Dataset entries
★ ★ ★
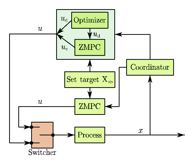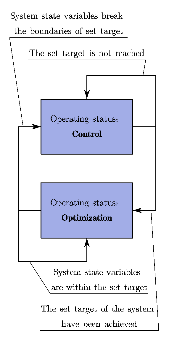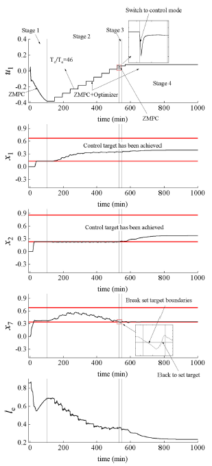 本文以能源與經濟優化為目的,提出了一種基于冗余控制變量的優化策略。該策略能夠被使用在區間控制的框架下。當系統在設置區域之外時,由區域預測控制器進行控制,以便系統可以快速進入設定目標。當控制器進入設定目標的內部時,意味著控制目標已經實現,產品質量已經滿足需求。此時,可以優化系統的經濟性能。 盡管經濟優化通常與控制性能不兼容,但在區間控制的框架下可以利用其潛在的自由度協調這兩種關系。系統的外部干擾等因素可能會打破這種優化與控制共存的狀態。在這種情況下,控制策略應當及時切換以免產品質量受到影響。整個系統將處于這種動態平衡過程中。
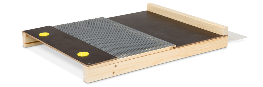 zum Einschub von hinten in den Hochboden, mit Edelstahl-Gitter, Kunststoff-Pollenkamm, Auffang-Schieber und 2 Trichter Bienenfluchten
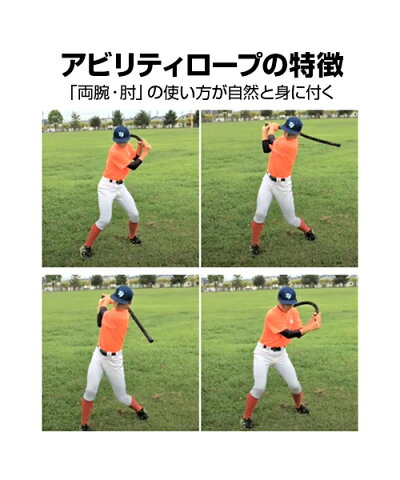 ■アビリティロープ アビリティロープは、投手の投げたボールに対して、アジャストさせ、ジャストミートに導く身体の使い方の修得を目標として開発しております 1.「しなり」を体感できる 2.「両腕・肘」の使い方が自然と身につく 3.基本的な要素を習得できる 「レベルスイング」「回転軸」 アビリティロープの名称は、合同会社キンビシャスの登録商標です。
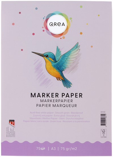 • Markerblok Qrea A3 – 75 vel Het Qrea markerblok in A3-formaat is ideaal voor grotere schetsen, illustraties en markerwerk. Met 75 vellen (150 pagina's) van 75 grams optisch wit papier biedt dit blok alle ruimte voor creativiteit. Het papier is dun genoeg om onderliggende schetsen of hulplijnen te blijven zien, maar voorkomt effectief dat inkt doorlekt naar de achterkant of onderliggende pagina's. De kleuren lopen niet uit of waaieren niet, waardoor strakke lijnen en gedetailleerde vlakken eenvoudig te realiseren zijn. Ook bij het aanbrengen van meerdere lagen ontstaan vloeiende kleurovergangen. Perfect geschikt voor gebruik met Copic-, Letraset-, Edding- en andere markers op alcohol- of oplosmiddelbasis. FSC-gecertificeerd en geproduceerd in Duitsland. Kenmerken:
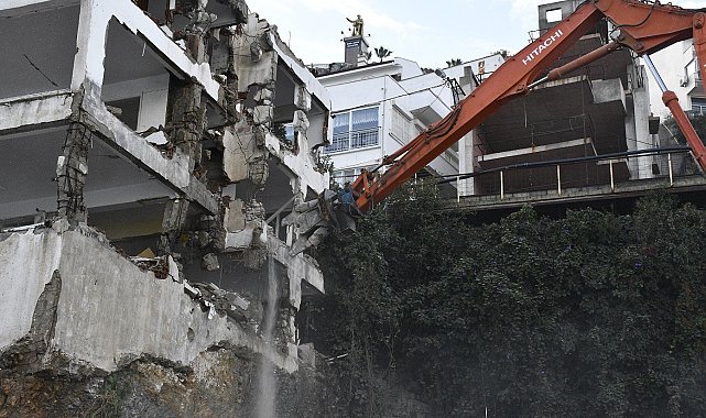 Can ve mal güvenliğini tehdit eden, hasarlı ve afete dayanıksız olduğu tespit edilen yapıların yıkım çalışmalarını sürdüren Kuşadası Belediyesi, son olarak Mahmut Esat Bozkurt Caddesi üzerinde bulunan bir binanın yıkımını kontrollü şekilde gerçekleştirdi.
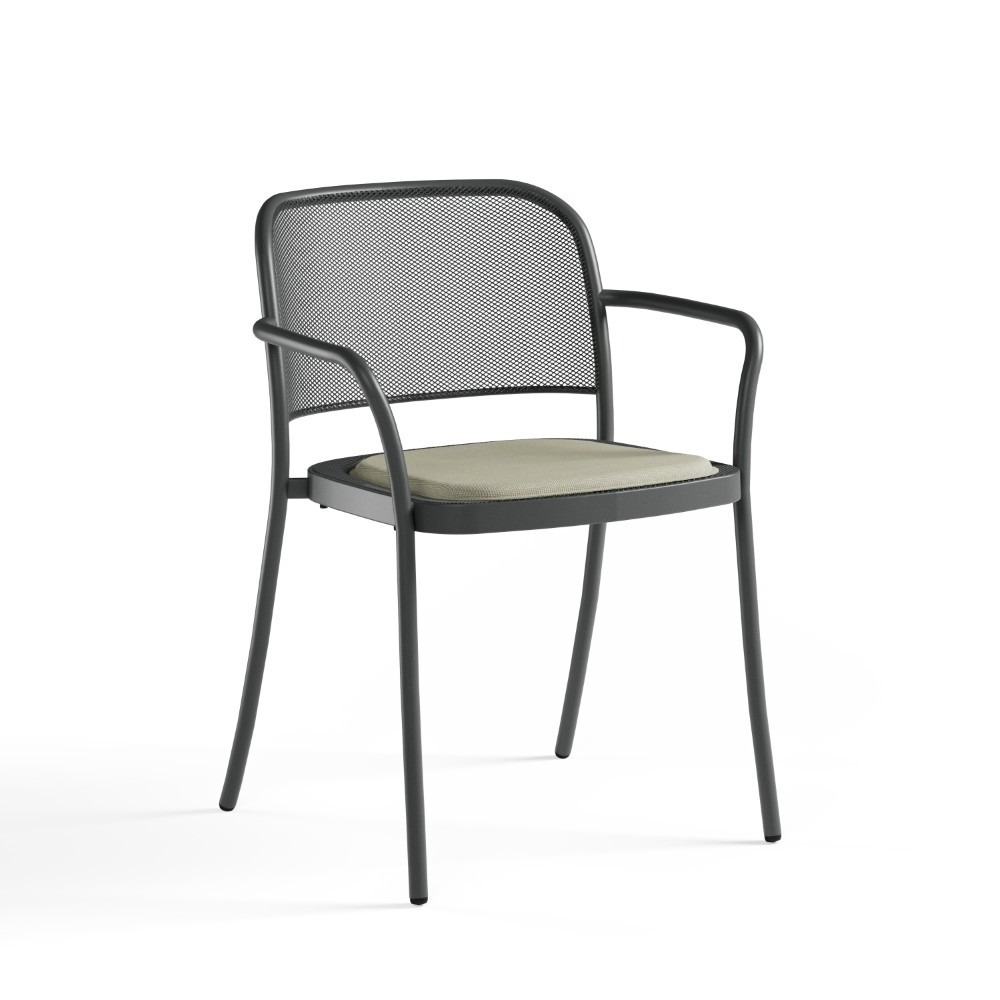 De cafe armstoel van emu , ontworpen door Christophe Pillet, is een lijn stoelen in staal met een eigentijdse uitstraling en klassieke verwijzingen. De stoelen hebben een solide, stevige constructie om langdurig gebruik te garanderen.
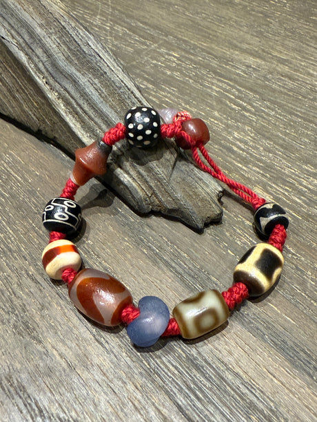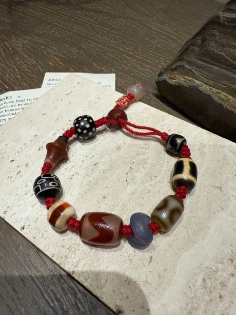Red-Cord Agate Bracelet with Dzi Accents and Carved Charm
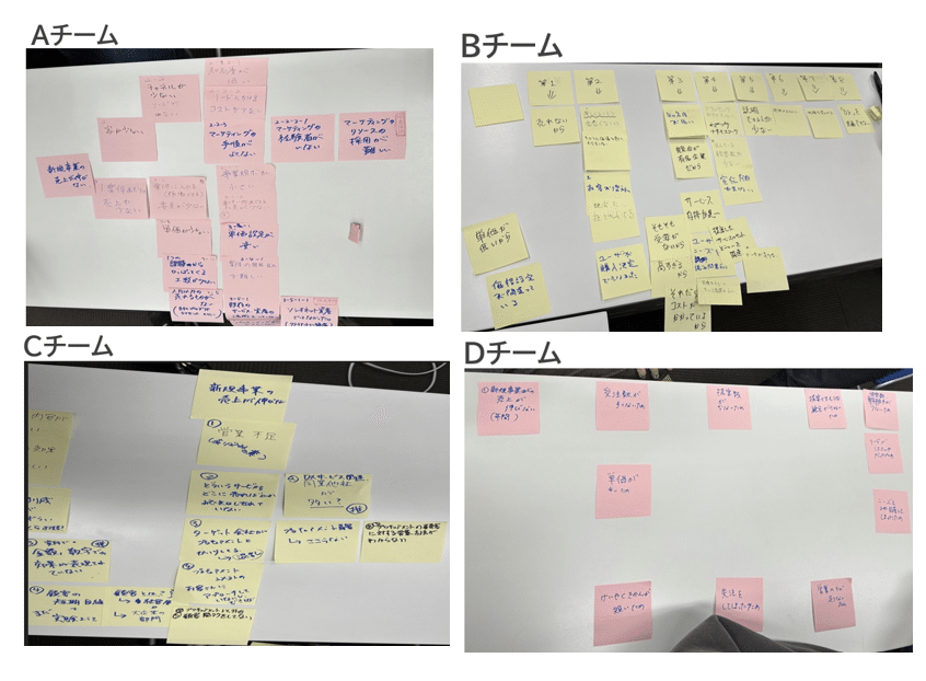 メンバーD:「提案数が少ない → 提案できる顧客が少ない → リードが少ない・ミスマッチ・ヒアリング不足……といった流れで、最終的に“イベント対応者のスキル不足”という要因に行き着きました。」
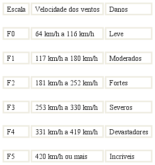 O Quadro Imostra a definição da escala Fujita que vai de F0 a F5, com relação avelocidade dos ventos dos tornados medidos em quilômetros por hora (Km/h), e os seus respectivos danos.
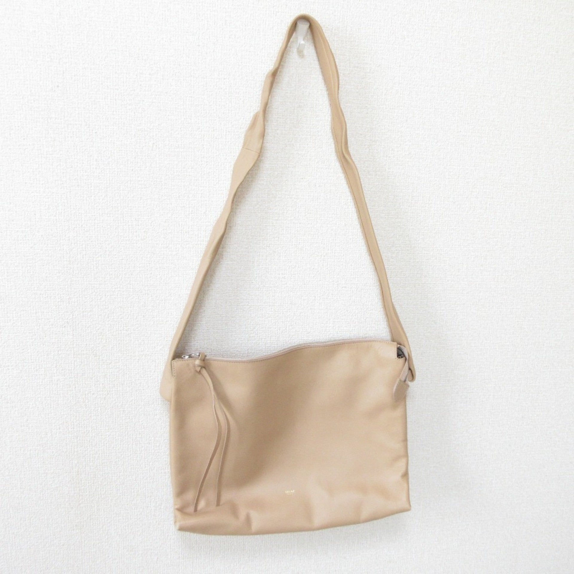 CELINE Leather Shoulder Bag Pink Beige Women\'s
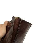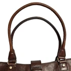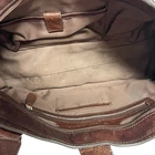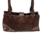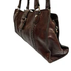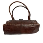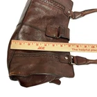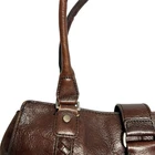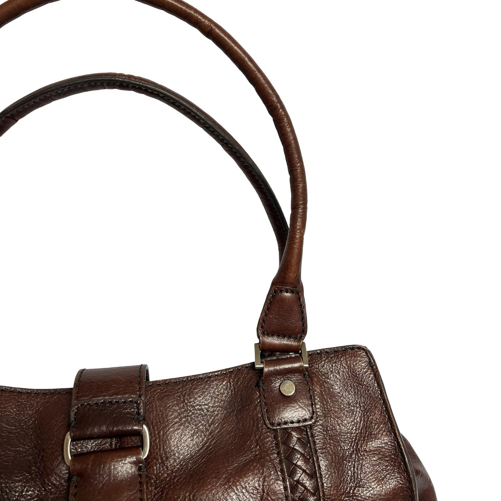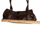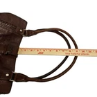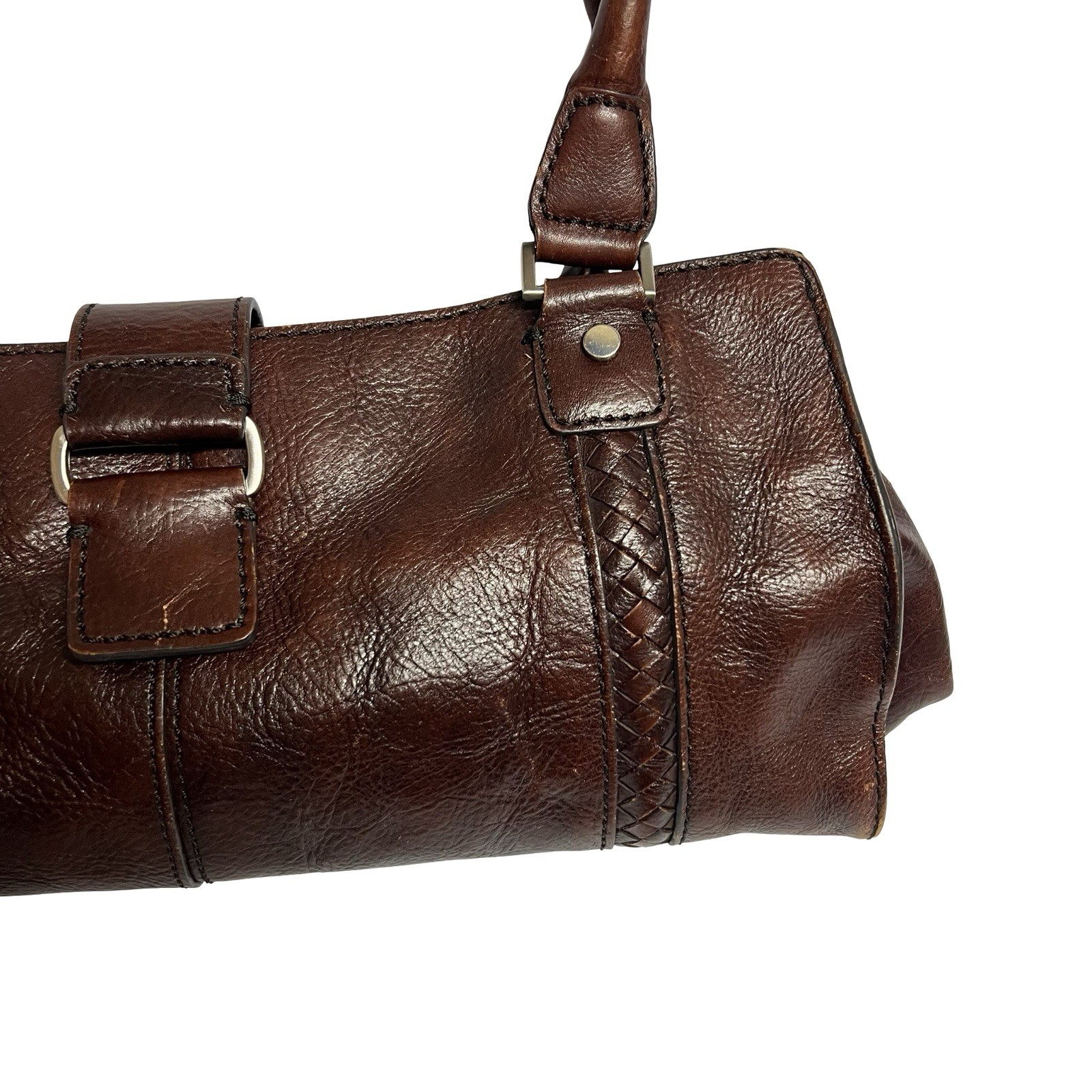 Wilson's leather shoulder bag with double rolled handles, braided trim, and front strap accent with magnetic closure. Color: Brown leather with silver-tone hardware and braided leather trim details. Size: Womens Small. Material and construction: Leather exterior with stitched panel construction, braided leather accent strips, leather-wrapped rolled handles, and silver-tone metal hardware. Exterior details: Barrel silhouette, front strap with magnetic closure, braided trim on both sides, and rivet accents at handle attachments. Features: Shoulder carry, braided trim, strap accent, magnetic closure, double rolled handles, silver-tone hardware. Additional notes: See photos for close-up views of the braided trim, stitching, hardware, and overall shape. Condition notes: See full condition description for details.
★ ★ ★
== Problem to solve ==
Write out the entries again word for word. Do not include the pictures.

== Reply to the task ==
 本文以能源與經濟優化為目的,提出了一種基于冗余控制變量的優化策略。該策略能夠被使用在區間控制的框架下。當系統在設置區域之外時,由區域預測控制器進行控制,以便系統可以快速進入設定目標。當控制器進入設定目標的內部時,意味著控制目標已經實現,產品質量已經滿足需求。此時,可以優化系統的經濟性能。 盡管經濟優化通常與控制性能不兼容,但在區間控制的框架下可以利用其潛在的自由度協調這兩種關系。系統的外部干擾等因素可能會打破這種優化與控制共存的狀態。在這種情況下,控制策略應當及時切換以免產品質量受到影響。整個系統將處于這種動態平衡過程中。
 zum Einschub von hinten in den Hochboden, mit Edelstahl-Gitter, Kunststoff-Pollenkamm, Auffang-Schieber und 2 Trichter Bienenfluchten
 ■アビリティロープ アビリティロープは、投手の投げたボールに対して、アジャストさせ、ジャストミートに導く身体の使い方の修得を目標として開発しております 1.「しなり」を体感できる 2.「両腕・肘」の使い方が自然と身につく 3.基本的な要素を習得できる 「レベルスイング」「回転軸」 アビリティロープの名称は、合同会社キンビシャスの登録商標です。
 • Markerblok Qrea A3 – 75 vel Het Qrea markerblok in A3-formaat is ideaal voor grotere schetsen, illustraties en markerwerk. Met 75 vellen (150 pagina's) van 75 grams optisch wit papier biedt dit blok alle ruimte voor creativiteit. Het papier is dun genoeg om onderliggende schetsen of hulplijnen te blijven zien, maar voorkomt effectief dat inkt doorlekt naar de achterkant of onderliggende pagina's. De kleuren lopen niet uit of waaieren niet, waardoor strakke lijnen en gedetailleerde vlakken eenvoudig te realiseren zijn. Ook bij het aanbrengen van meerdere lagen ontstaan vloeiende kleurovergangen. Perfect geschikt voor gebruik met Copic-, Letraset-, Edding- en andere markers op alcohol- of oplosmiddelbasis. FSC-gecertificeerd en geproduceerd in Duitsland. Kenmerken:
 Can ve mal güvenliğini tehdit eden, hasarlı ve afete dayanıksız olduğu tespit edilen yapıların yıkım çalışmalarını sürdüren Kuşadası Belediyesi, son olarak Mahmut Esat Bozkurt Caddesi üzerinde bulunan bir binanın yıkımını kontrollü şekilde gerçekleştirdi.
 De cafe armstoel van emu , ontworpen door Christophe Pillet, is een lijn stoelen in staal met een eigentijdse uitstraling en klassieke verwijzingen. De stoelen hebben een solide, stevige constructie om langdurig gebruik te garanderen.
Red-Cord Agate Bracelet with Dzi Accents and Carved Charm
 メンバーD:「提案数が少ない → 提案できる顧客が少ない → リードが少ない・ミスマッチ・ヒアリング不足……といった流れで、最終的に“イベント対応者のスキル不足”という要因に行き着きました。」
 O Quadro Imostra a definição da escala Fujita que vai de F0 a F5, com relação avelocidade dos ventos dos tornados medidos em quilômetros por hora (Km/h), e os seus respectivos danos.
 CELINE Leather Shoulder Bag Pink Beige Women\'s
 Wilson's leather shoulder bag with double rolled handles, braided trim, and front strap accent with magnetic closure. Color: Brown leather with silver-tone hardware and braided leather trim details. Size: Womens Small. Material and construction: Leather exterior with stitched panel construction, braided leather accent strips, leather-wrapped rolled handles, and silver-tone metal hardware. Exterior details: Barrel silhouette, front strap with magnetic closure, braided trim on both sides, and rivet accents at handle attachments. Features: Shoulder carry, braided trim, strap accent, magnetic closure, double rolled handles, silver-tone hardware. Additional notes: See photos for close-up views of the braided trim, stitching, hardware, and overall shape. Condition notes: See full condition description for details.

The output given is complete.